→ Data for this task

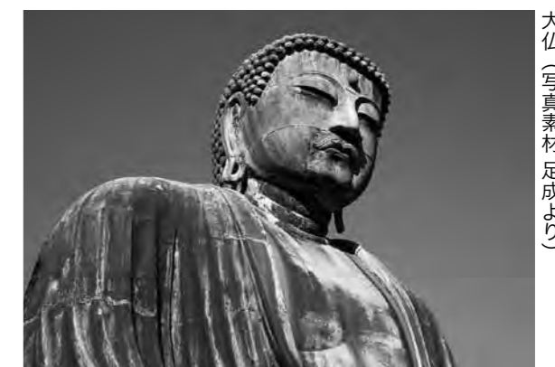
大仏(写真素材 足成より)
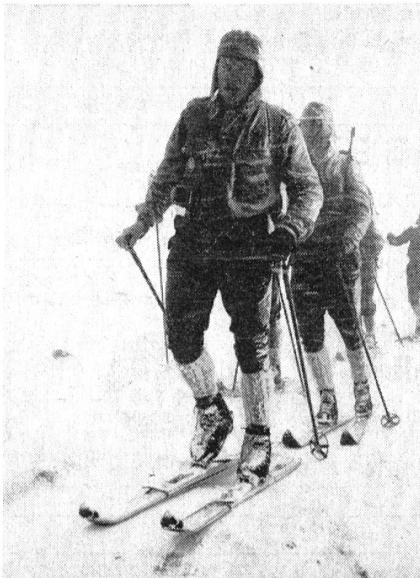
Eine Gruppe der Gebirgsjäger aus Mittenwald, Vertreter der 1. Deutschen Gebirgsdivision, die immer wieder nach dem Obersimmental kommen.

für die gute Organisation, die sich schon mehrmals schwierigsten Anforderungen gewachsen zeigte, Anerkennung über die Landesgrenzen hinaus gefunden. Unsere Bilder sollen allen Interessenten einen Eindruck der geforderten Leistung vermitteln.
* * *
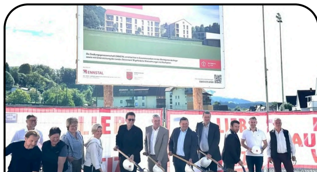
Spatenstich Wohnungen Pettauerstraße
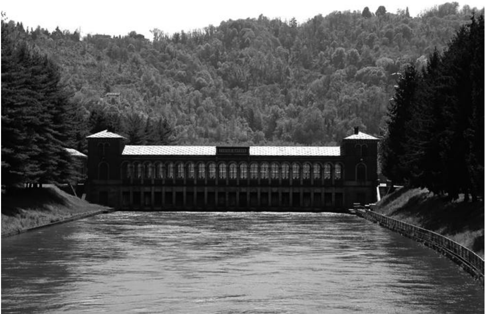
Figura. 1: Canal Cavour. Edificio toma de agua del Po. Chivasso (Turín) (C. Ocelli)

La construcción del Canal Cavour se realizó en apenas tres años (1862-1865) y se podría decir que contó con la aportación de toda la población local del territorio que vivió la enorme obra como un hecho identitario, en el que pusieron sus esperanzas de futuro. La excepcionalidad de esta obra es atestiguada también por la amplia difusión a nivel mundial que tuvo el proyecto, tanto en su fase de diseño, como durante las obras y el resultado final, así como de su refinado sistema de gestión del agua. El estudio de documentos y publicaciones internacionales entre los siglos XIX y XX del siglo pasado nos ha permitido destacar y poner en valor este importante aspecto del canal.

→ Activity
Your answer must be everything above from the line with "大仏(写真素材 足成より)" down to the line with "für die gute", word for word, and no pictures.

→ Response to this exercise
大仏(写真素材 足成より)
Eine Gruppe der Gebirgsjäger aus Mittenwald, Vertreter der 1. Deutschen Gebirgsdivision, die immer wieder nach dem Obersimmental kommen.

für die gute Organisation, die sich schon mehrmals schwierigsten Anforderungen gewachsen zeigte, Anerkennung über die Landesgrenzen hinaus gefunden. Unsere Bilder sollen allen Interessenten einen Eindruck der geforderten Leistung vermitteln.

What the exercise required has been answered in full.